2020-06-22 Thread Yann Ylavic
On Mon, Jun 22, 2020 at 2:57 PM Eric Covener  wrote:
>
> On Mon, Jun 22, 2020 at 8:28 AM Yann Ylavic  wrote:
> >
> > > Allow for URI-path pre_translate_name before (and/or instead of) decoding.
> > >
> > > Only if no hook takes "ownership" of the URI (returning OK), apply
> > > percent decoding for the rest of request handling.

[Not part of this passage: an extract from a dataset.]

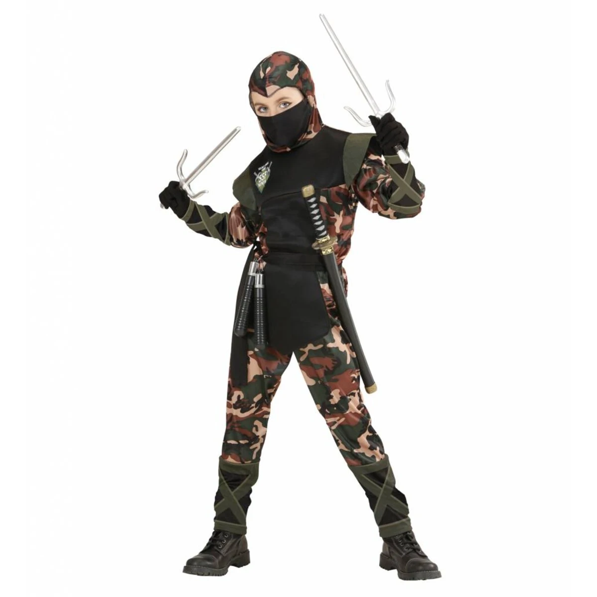 In dit camouflage Ninja Soldaten kostuum krijgen ze je niet te pakken! Alleen voor echte stoere Ninja-kinderen.

Otherwise r->uri 
> > > remains
> > > encoded meaning that further location/directory/file/if/.. sections 
> > > (walks)
> > > should that into account.
> >
> > This change allows a module to avoid URI decoding in
> > pre_translate_name, such that r->uri remains encoded for the whole
> > request handling.
> >
> > For instance (same series), mod_proxy will use that hook when
> > "ProxyMappingDecoded off" is configured, and return OK if a ProxyPass
> > matches. The decoding was already disabled (before this commit) for
> > the forward-proxy case (ProxyRequests on) since r->proxyreq was set at
> > an early stage, but now it "works" for the reverse-proxy case too.
> >
> > This means that when "ProxyMappingDecoded off" is configured (the
> > default is still "on", though), for instance a  > a fixup RewriteRule or a non-early RequestHeader rule will have to be
> > expressed with the encoded form since reserved characters will not be
> > decoded as before (note that unreserved characters will always be
> > decoded anyway).
> >
> > I don't know how much it can break existing configurations, and wonder
> > if we should have a core directive that still controls whether r->uri
> > should be decoded, regardless of ProxyMappingDecoded or any further
> > module pre_translate_name hook with its own directives.
> >
> > For mod_proxy this is not really an issue to have r->uri modified
> > after the (pre_)translate phase, because the handler will later work
> > on r->filename regardless (the "proxy:..." set by proxy_detect or
> > proxy_trans), so maybe we should simply always decode r->uri after the
> > pre_translate hooks have run. Though I find it easier in a proxy
> > context to match a URI-path (LocationMatch, RewriteRule..) in its
> > encoded form, and not worry about original vs decoded separators. That
> > may be just my preference, but a new core directive looks sane to me..
> >
> > Thoughts?
>
> I have not followed too closely so take with a grain of salt / for the
> sake of argument:

Thanks, always welcome!

>
> From an externals perspective (maybe being detached here is a benefit)
> it might be better to have something like "ProxyUseOriginalURL" that

Yeah, much better name. Will use *URI which is somewhat closer to the
RFC's URI-path nomenclature.

> has the following caveats:
> 1. it's partially decoded
> 2. it is required for whatever the servlet mapping option is (iiuc?)

Correct, I'm a bit reluctant to issue servlet mapping on decoded URIs..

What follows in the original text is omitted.